Сок мулли действительно заменил нам ужин. Есть не хотелось даже после того, как на двор легли синие сумерки, и поэтому, вернувшись в дом, мы просто смастерили постель и легли спать. Фиолетовый до того небосвод почернел удивительно быстро, а на его гребень взобралась местная Луна – Ирса.

Интересно, какая она? Такая же щербатая и вся в кратерах? И далеко ли в космосе находится? Хорошие вопросы – интересные, но пустые. Если здесь не изобрели самолет, то космолет не изобрели точно. Хотя, может, здесь есть обсерватории и телескопы, а по тому количеству времени, которое занимает летящий от Ирсы свет…

Я отвлеклась. Тайра продолжала шептать, пришлось переключиться.

– …но как только я его увидела, то сразу поняла, что это он. Даже не потому что Ким в той записке описал его глаза, не потому что знала, что тот единственный живой путник, который встретится в Коридоре, и будет моим суженым, а просто взглянула в его глаза и поняла – он. Ощутила. Душой, что ли? Хотя на тот момент у меня ее не было.

– У тебя было сердце. Вот им ты и ощутила.

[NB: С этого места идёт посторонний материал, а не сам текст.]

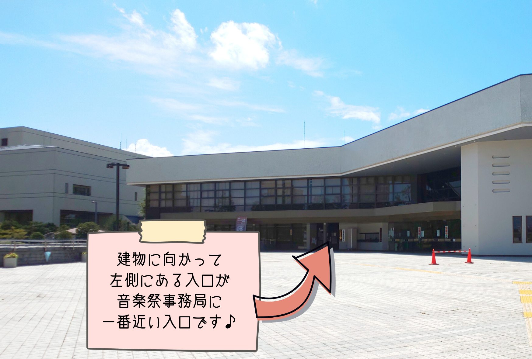 会場入りされましたら、まず「音楽祭事務局」へお声がけください。ホール左側の入口から入るとわかりやすいです。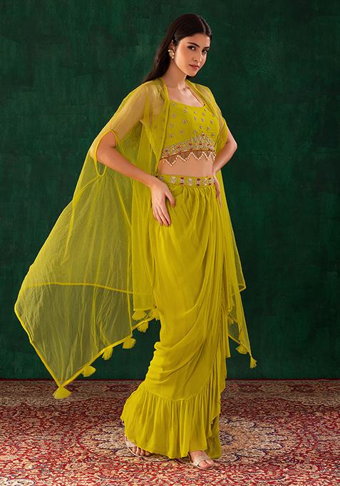 Topped with a lime green blouse in georgette.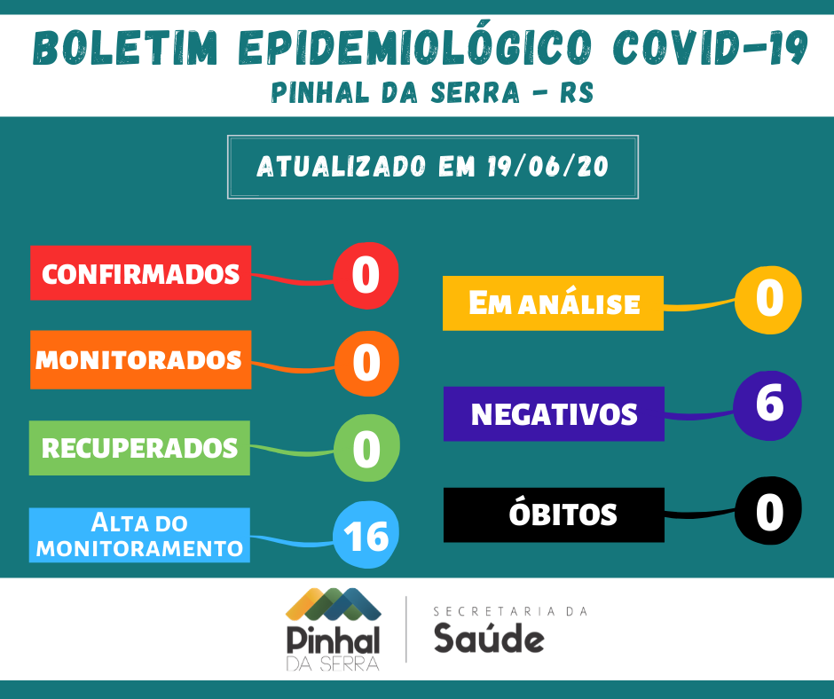 Atualização do boletim epidemiológico na data de hoje - 19/06/2020 - Finalizamos mais uma semana sem nenhum caso notificado! Reforçamos as medidas de prevenção para que toda população continue se protegendo, e o vírus não se propagar no Município.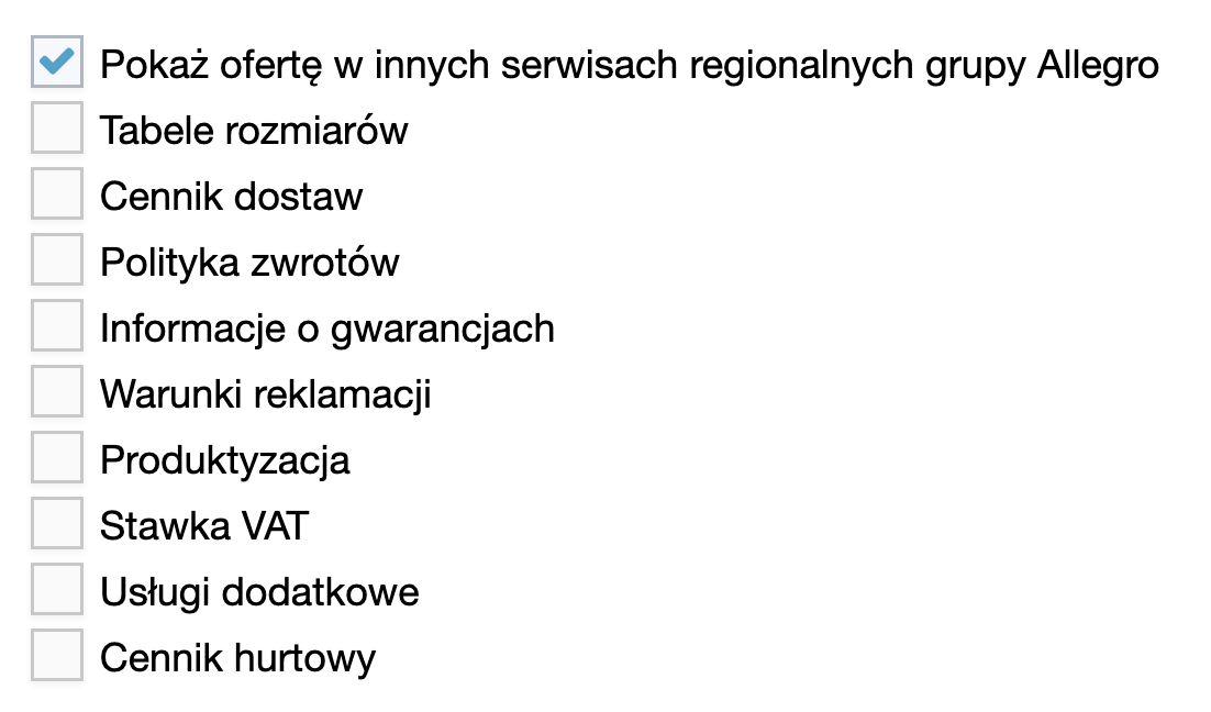 Po jej zaznaczeniu każda nowa wystawiana oferta będzie zgłaszana także do serwisu czeskiego. Jeżeli spełni wymagania, pojawi się automatycznie także w serwisie Allegro.cz.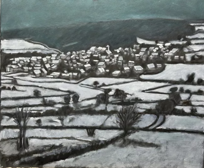 J'ai souvent retenu cette vue de Fley. Il manquait le village sous la neige. Date février 2024 identifiant 570 Dimension 55x46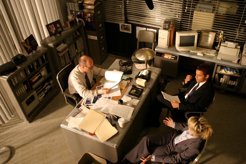 Chris Lassing (Justin Chambers, hinten r.) und Det. Lilly Rush (Kathryn Morris, vorne r.) unterhalten sich mit Lt. John Stillman (John Finn, l.) über den neuesten Fall.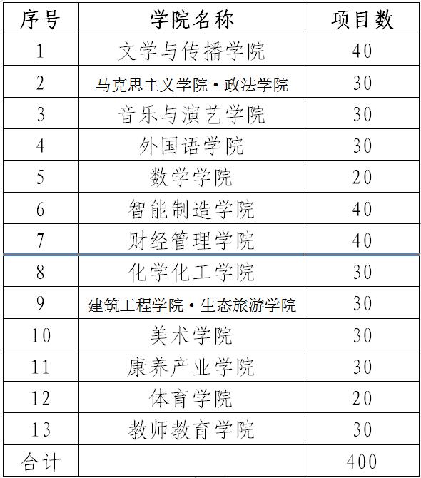 依据二级学院人数按比例确定各学院最少参与项目数量要求如下: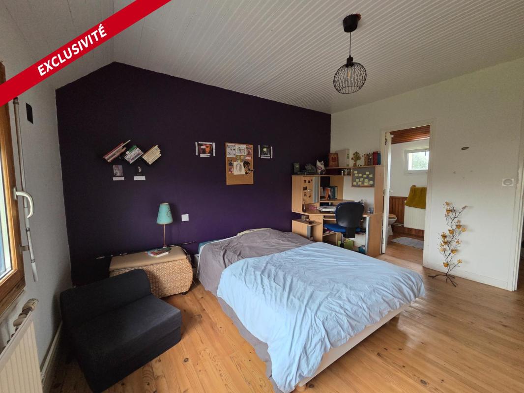 A l'étage: Trois chambres dont une avec salle d'eau privative, un bureau et une salle de bain avec WC.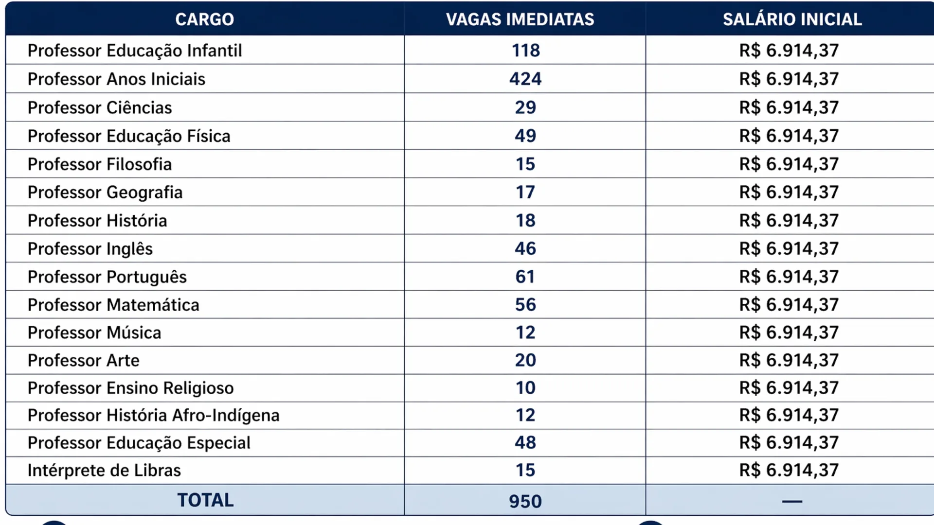 O certame oferece 950 vagas imediatas, além de 500 oportunidades em cadastro reserva, totalizando 1.450 vagas para cargos de professor em diversas áreas. A remuneração inicial é de R$ 6.914,37, para jornada de 20 horas semanais.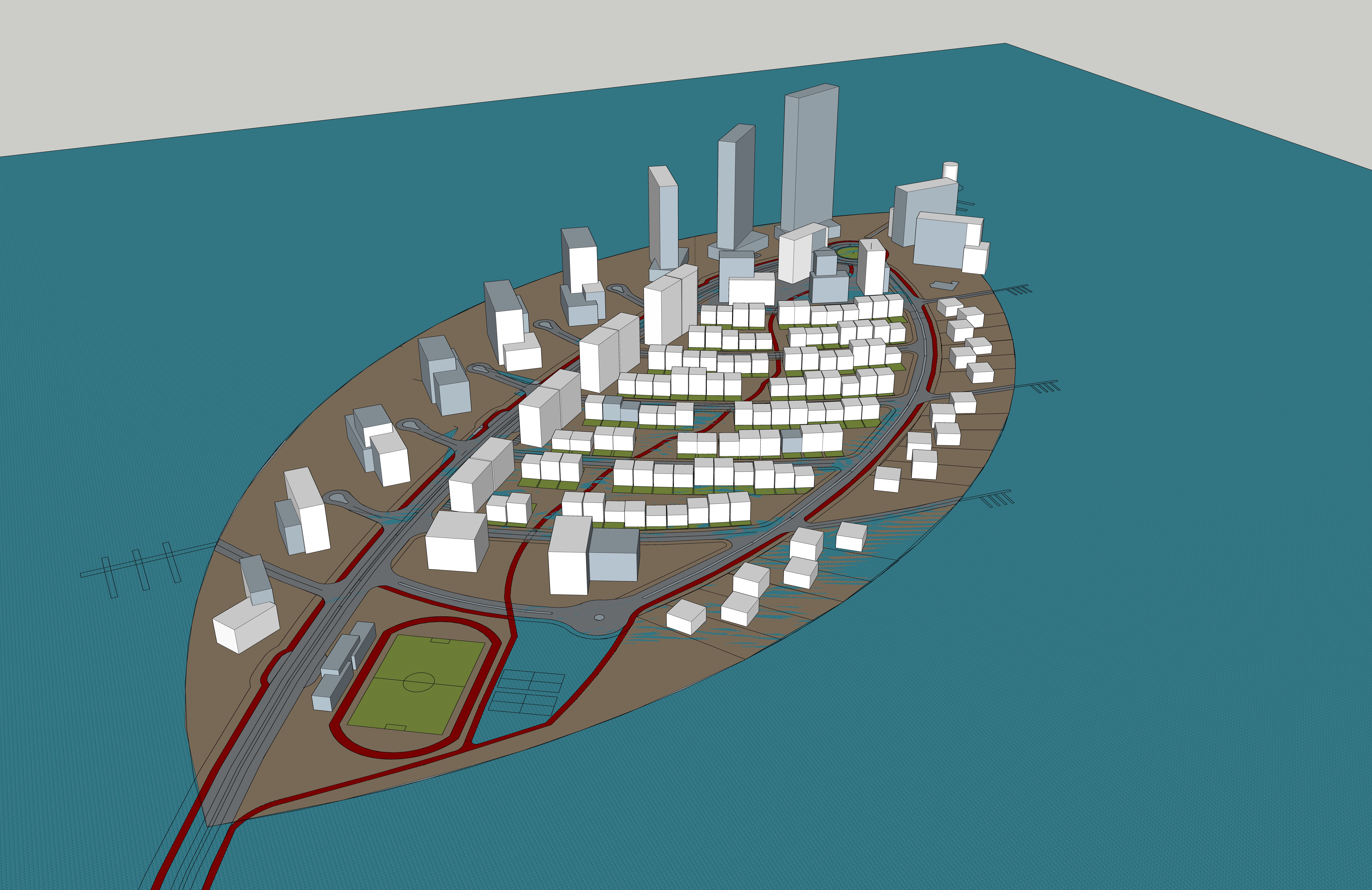 a modern tropical island city with housing sport hotels and retail add street furniture detail to buildings and people architecture
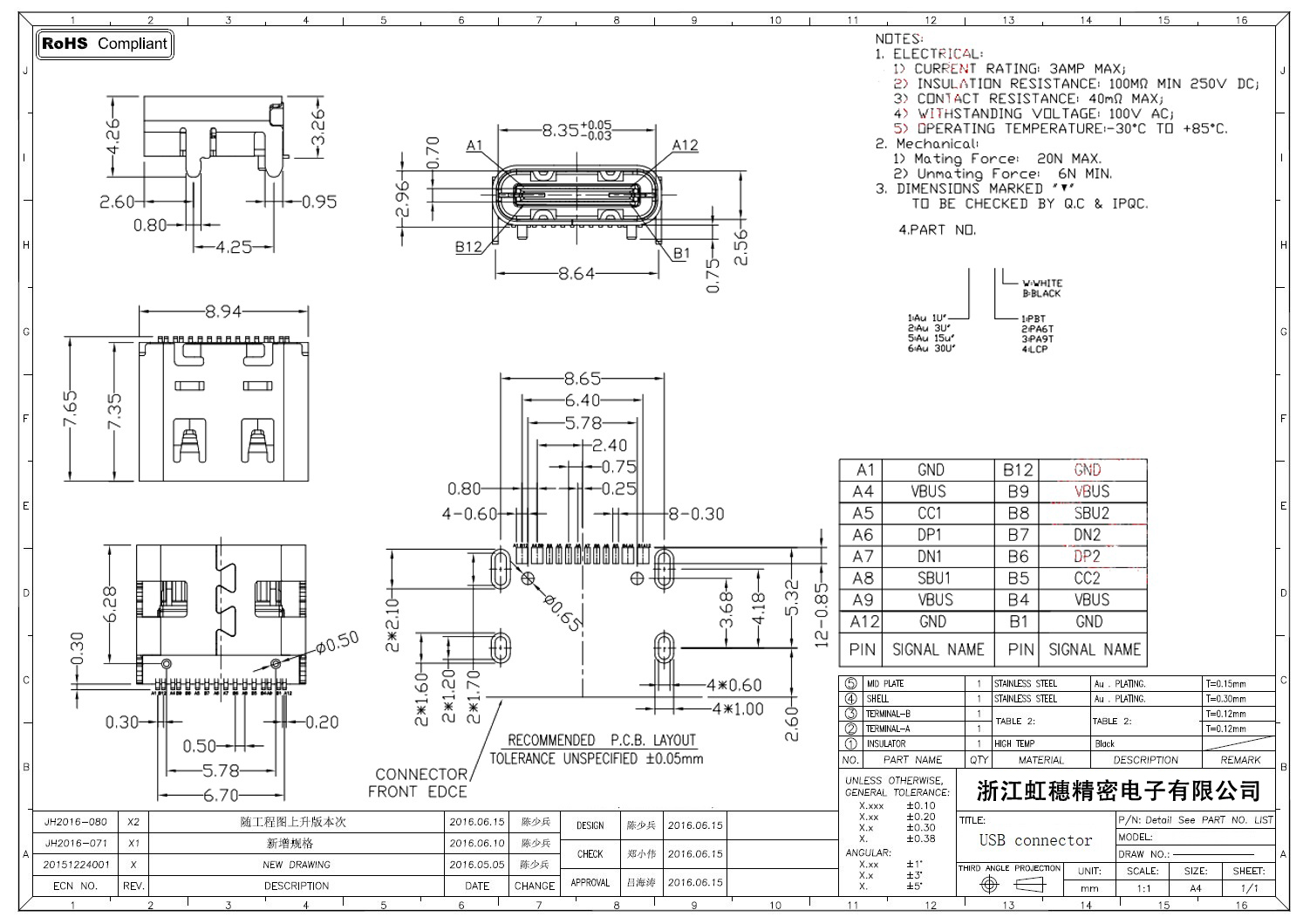 USB Type C母座技術參數:

Под ладошкой тихонько сопел Ив, слушал наш с Тайрой разговор или же думал о чем-то своем. О чем там думают фурии? Кроме ананасов.

Нет, не подумайте, я как раз не принижаю сложность этих существ и не свожу их мысли к примитивности. Это, скорее, я могу представить, что фурии думают про ананасы, так как попросту боюсь представить, о каких еще сложных материях они могут думать. Воспринимать, считывать, сканировать, обрабатывать. Так что проще сказать, что они думают про ананасы, и пусть примитивной буду я.

– А ты сразу ощутила, что Дрейк – твой мужчина?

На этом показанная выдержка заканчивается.